Integration Helper Module

The ExESDB.PubSubIntegration module provides a centralized, idiomatic Elixir interface:

# System lifecycle events
ExESDB.PubSubIntegration.broadcast_system_lifecycle(:started, :ex_esdb, "0.8.0")

# Health updates
ExESDB.PubSubIntegration.broadcast_health_update(:store_worker, :healthy, %{store_id: "main"})

# Performance metrics
ExESDB.PubSubIntegration.broadcast_metrics(:persistence, %{
  operations_count: 1000,
  duration_ms: 250,
  success_count: 995,
  error_count: 5
})

# Critical alerts
ExESDB.PubSubIntegration.broadcast_alert(:node_failure, :critical, "Node down", %{node: :node1})

Core Integration Points

1. System Lifecycle (ExESDB.System)

Broadcasts system startup, shutdown, and configuration changes:

# Startup broadcast
ExESDB.PubSubIntegration.broadcast_system_lifecycle(
  :started, 
  :ex_esdb, 
  Application.spec(:ex_esdb, :vsn)
)

# Configuration change broadcast
ExESDB.PubSubIntegration.broadcast_system_config(
  :store_config,
  %{store_id: store_id, enabled: true},
  topic: "config"
)

2. Store Operations (ExESDB.StoreWorker)

Broadcasts store lifecycle and health events:

# Store health update
ExESDB.PubSubIntegration.broadcast_health_update(
  :store_worker,
  :healthy,
  %{store_id: store_id, status: :running}
)

# Store failure alert
ExESDB.PubSubIntegration.broadcast_alert(
  :store_failure,
  :critical,
  "Store worker failed",
  %{store_id: store_id, reason: reason}
)

3. Health Monitoring (ExESDB.Monitoring.HealthChecker)

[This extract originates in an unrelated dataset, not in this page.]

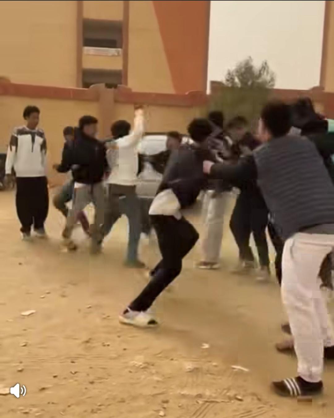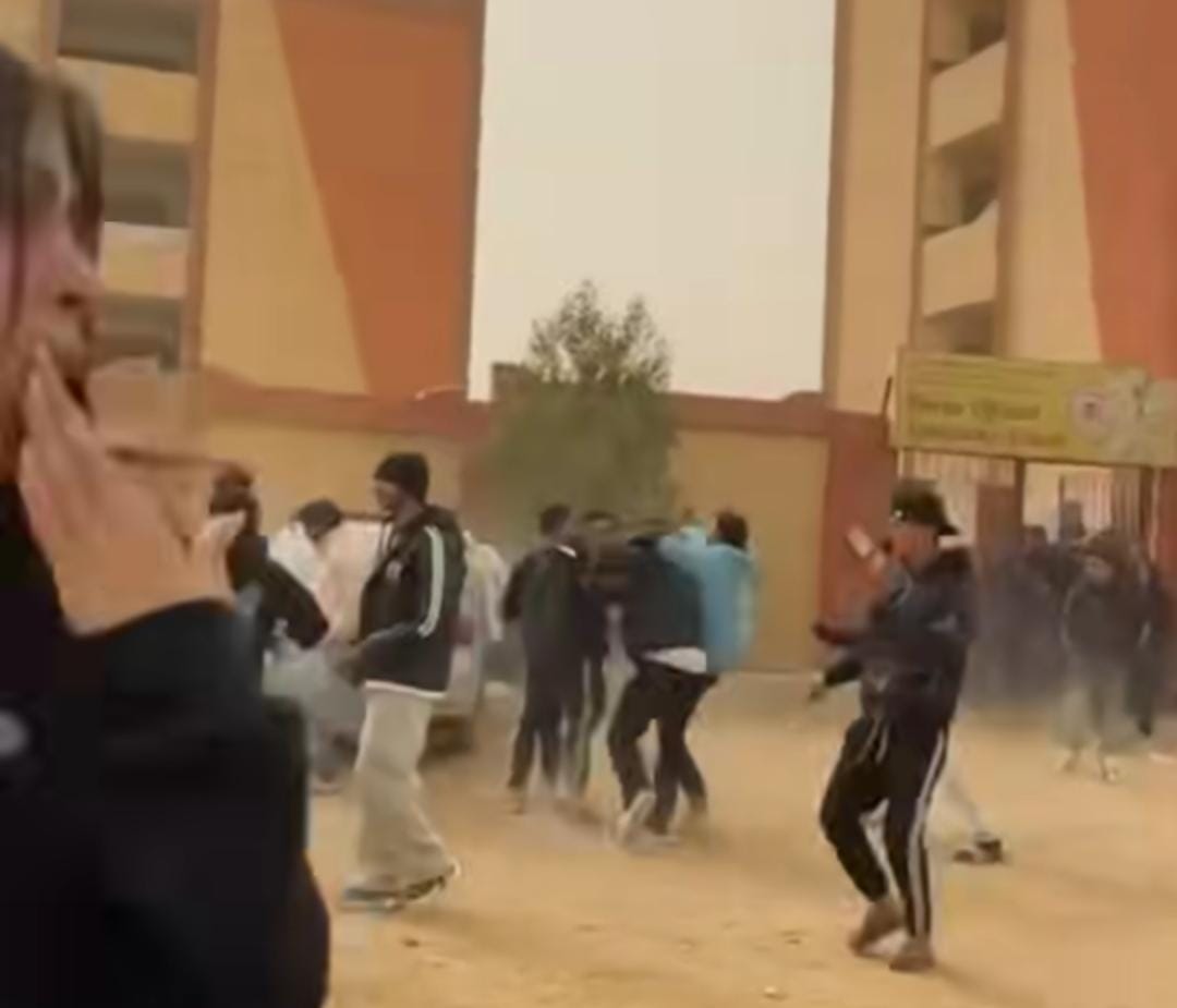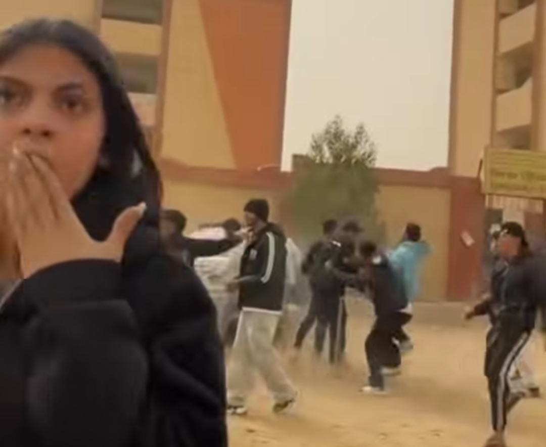 وظهر في الفيديو عدد كبير من الطلاب وهم يتشاجرون، فيما استخدم بعضهم أدوات حادة وتبادلوا الاعتداء على بعضهم البعض، وسط تجمع عدد من زملائهم في محيط الواقعة.
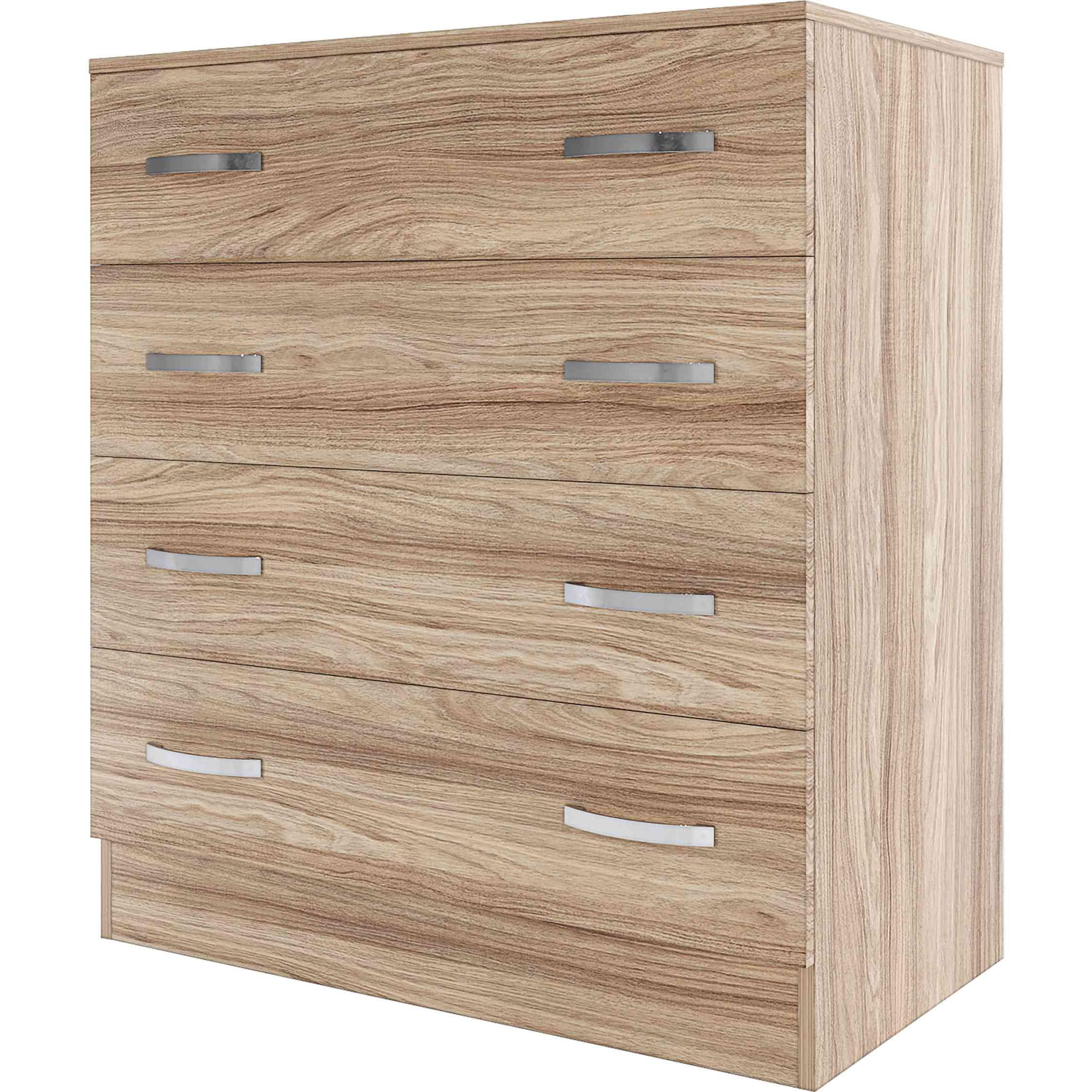cassettiera salvaspazio a 4 cassetti e 8 maniglie. Facile da montare e da pulire. Dimensioni 80 x 45 x h 90 cm. Colore rovere

Broadcasts system health and resource utilization:

ExESDB.PubSubIntegration.broadcast_health_update(
  :health_checker,
  health_status,
  %{
    cpu_usage: 45.2,
    memory_usage: 67.8,
    disk_usage: 23.1,
    check_duration_ms: 150
  }
)

4. Cluster Monitoring (ExESDB.NodeMonitor)

Broadcasts cluster events and node status:

# Node failure alert
ExESDB.PubSubIntegration.broadcast_alert(
  :node_failure,
  :critical,
  "Node disconnected",
  %{node: down_node, cluster_size: length(connected_nodes)}
)

# Cluster health update
ExESDB.PubSubIntegration.broadcast_cluster_health(
  connected_nodes,
  [down_node],
  :node_down
)

5. Persistence Monitoring (ExESDB.PersistenceWorker)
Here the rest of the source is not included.